Oneword

United Kingdom;
- Frequencies: DAB: 11D (Digital One) Freeview: 717 Sky Digital: 0127

Programming
- Format: Speech

Ownership
- Owner: UBC Media Group

History
- First air date: 2 May 2000; 25 years ago
- Last air date: 11 January 2008; 18 years ago

Links
- Website: www.oneword.co.uk

= Oneword =

British commercial digital radio station

Oneword Radio was a British commercial digital radio station featuring books, drama, comedy, children's programming, and discussion. The station was available in the UK via digital radio (DAB) and digital television (Freeview DVB-T and Sky Digital DVB-S) and was streamed on the internet 24 hours a day worldwide.
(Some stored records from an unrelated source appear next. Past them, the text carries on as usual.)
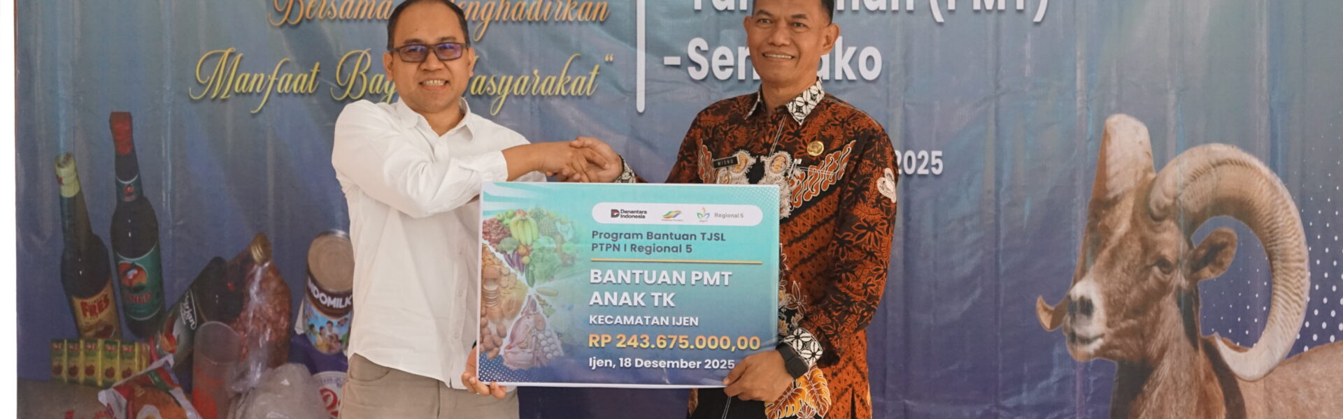 Penyerahan bantuan dilakukan oleh Kepala Bagian Corporate Secretary yang mewakili Region Head PTPN I Regional 5, R.I. Setiyobudi, kepada Camat Ijen, Wisnu Hartono, dengan total nilai TJSL sebesar Rp1,28 miliar.
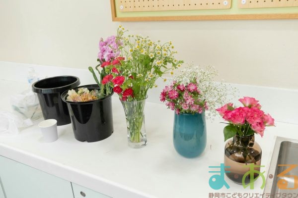 お花やさんから来た長さのあるお花も、小さくカットしたお花も、土から生えている植物もみんなと同じように生きています。
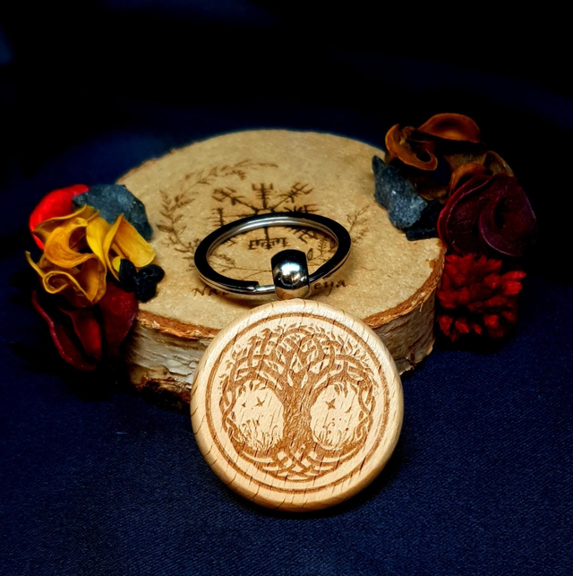 Porte-clés en bois gravé avec une représentation du célèbre arbre mondes : Yggdrasil.
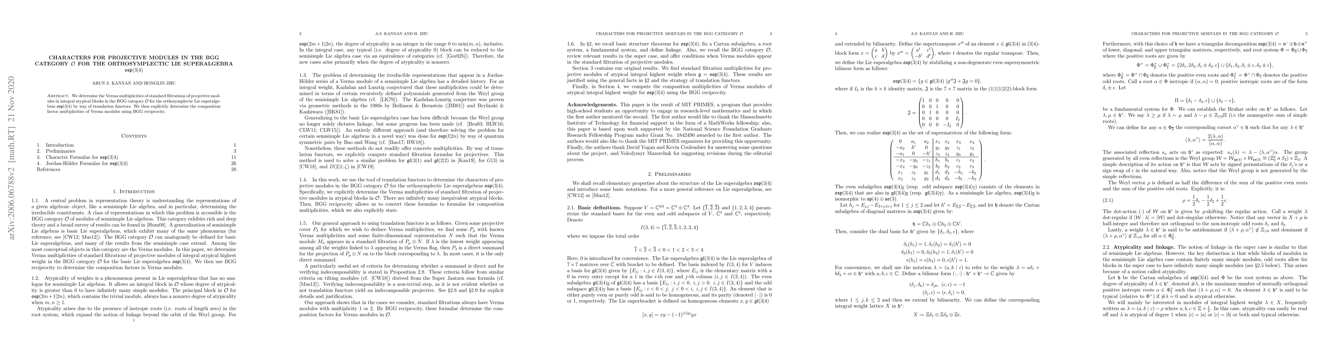 Summary: This paper calculates the Verma multiplicities and composition factor multiplicities of projective modules in the BGG category $\mathcal{O}$ for $\mathfrak{osp}(3|4)$ using translation functors and BGG reciprocity.

It was launched on 2 May 2000.

Ownership was shared between UBC Media Group and Channel 4 between early 2005 and December 2007. In October 2005, Channel 4 increased its stake to a majority by buying 51% of Oneword for £1 million. At 7.30 on weekday mornings, Oneword carried the Channel 4 Radio daily news broadcast The Morning Report, which was produced by the Channel 4 news team.

Virgin Media removed OneWord from its ex-NTL cable channel lineup on 4 October 2007. Oneword was not on its ex-Telewest lineup at the time.

In December 2007, Channel 4 decided to withdraw its funding, selling its share back to UBC Media Group for £1. All programming was replaced by repeats of previous output. On 1 January 2008 the remaining staff were dismissed. Oneword ceased broadcasting on DAB on Friday 11 January 2008.

After broadcasting ended, birdsong was broadcast on the channel until a permanent replacement, Amazing Radio, came on air on 1 June 2009.